🏁 Baselines & Benchmarking

GeoPlant provides a variety of strong and weak baselines for plant species distribution modeling, using both conventional ML and deep learning approaches. All code is available on GitHub and as reproducible Kaggle notebooks.

💡 Benchmark Tasks

Presence-Absence (PA) prediction: Predict the set of species present in a plot (multi-label).
Presence-Only (PO) experiments: (see Appendix) More challenging, due to missing absences.

Evaluation Metrics:
- AUC, Recall, Sample-Averaged F1 ($F_1^s$), and Precision
- Most results are reported for the top-25 predicted species per plot.

🪄 Naive Baselines

Naive predictors select the most common species for a given region or administrative district.
- Top-25 most common species per district: $F_1^s$ = 20.6% (PA), <9% (PO)

🔥 Single-Modality Deep Learning Baselines

Model	Modality	AUC	Recall	F1^s
MLP	Climatic Cubes	82.8	32.1	22.2
	Landsat Cubes	82.6	42.0	28.4
	Sentinel-2 Img	71.8	23.2	15.8
ResNet-6	Climatic Cubes	91.8	37.5	26.2
	Landsat Cubes	92.1	44.8	30.3
	Sentinel-2 Img	87.3	32.1	22.0
ResNet-18	Climatic Cubes	90.5	37.8	26.2
	Landsat Cubes	91.8	44.2	29.9
	Sentinel-2 Img	88.6	33.2	22.7

All scores averaged over 5 random seeds, PA data only.

🤖 Conventional ML Baselines

XGBoost and MaxEnt were tested with up to four predictors (location, climate, soilgrids, land cover).

Model	Predictors Used	AUC	Recall	F1^s
XGBoost	Location only	89.8	47.6	28.2
XGBoost	Climatic only	88.9	46.1	26.7
XGBoost	Location + Clim + Soil + LC	90.4	48.8	28.7
MaxEnt	All (492 species only)	-	-	~0.17-0.18

XGBoost outperforms MaxEnt, but both lag behind deep multimodal models.

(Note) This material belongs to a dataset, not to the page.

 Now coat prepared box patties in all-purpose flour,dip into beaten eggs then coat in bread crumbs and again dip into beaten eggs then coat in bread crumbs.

🏆 Multimodal Ensemble Baselines

Combining modalities (climatic + landsat + satellite images) via an ensemble of encoders (ResNet-6) further improves results.

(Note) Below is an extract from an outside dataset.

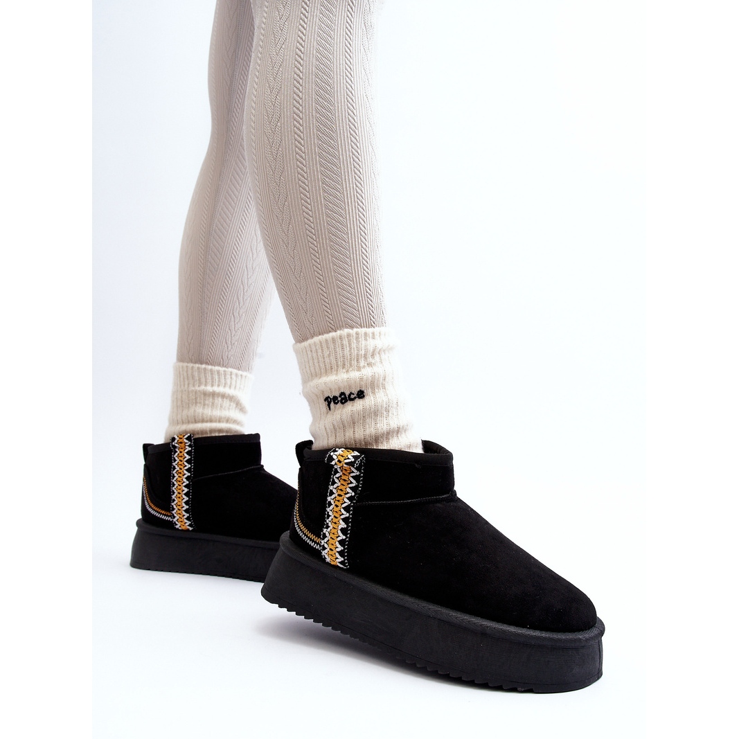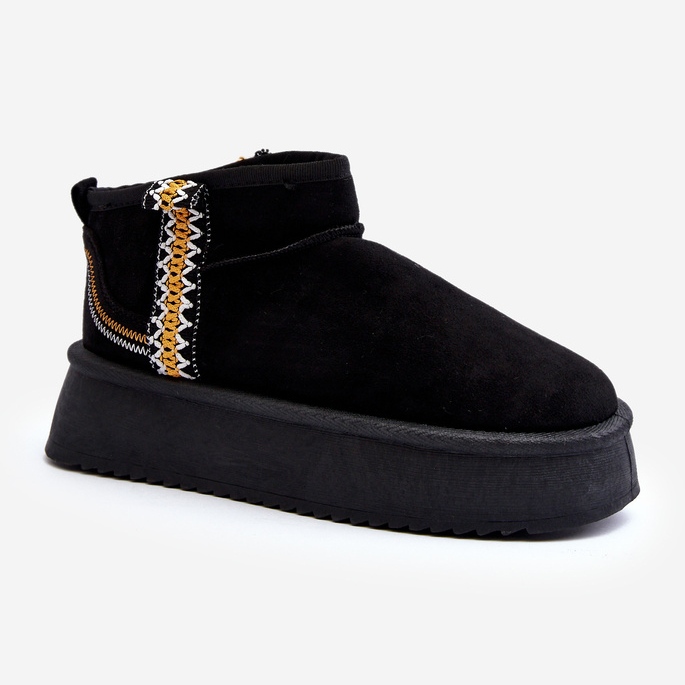 Fabriquées en suède écologique de la plus haute qualité, les bottes de neige Platform sont non seulement superbes, mais sont également respectueuses de l'environnement. Ce sont des chaussures créées pour ceux qui valorisent les valeurs éthiques sans sacrifier le style et l'élégance. La couleur noire des chaussures est décorée d'un motif aztèque unique, conférant au produit un caractère et un charme uniques qui charmeront sûrement de nombreuses fashionistas.

Model	Modalities	AUC	Recall	F1^s
MME	Clim + Landsat	93.6	49.3	33.8
MME	Clim + Landsat + Sentinel-2	94.0	49.7	34.1
MME + Top-K Estimation	Clim + Landsat	93.6	45.0	35.9
MME + Top-K Estimation	Clim + Landsat + Sentinel-2	94.0	45.3	36.2

Diagram: Multimodal Ensemble Model Each modality (cube/image) is encoded, concatenated, and classified jointly.

💡 Additional Insights

Top-K selection: Optimal number of species per survey is $k=20$–$30$ for cubes, $k=25$ for climate data.
Presence-Only (PO) Data: Training on PO and testing on PA gives much lower $F_1^s$ (as low as 8–15% for deep models).
Best Single Modality: Landsat cubes outperform Sentinel-2 images and climate alone.

📈 How to Reproduce?

All experiments are in plantnet/GeoPlant and on Kaggle.
Training logs: Weights & Biases

📋 Table Legend

AUC: Area Under ROC Curve (binary per species, averaged).
Recall: Fraction of true species found in top-25 predictions.
F1^s: Sample-averaged F1-score (across test plots, top-25 predictions).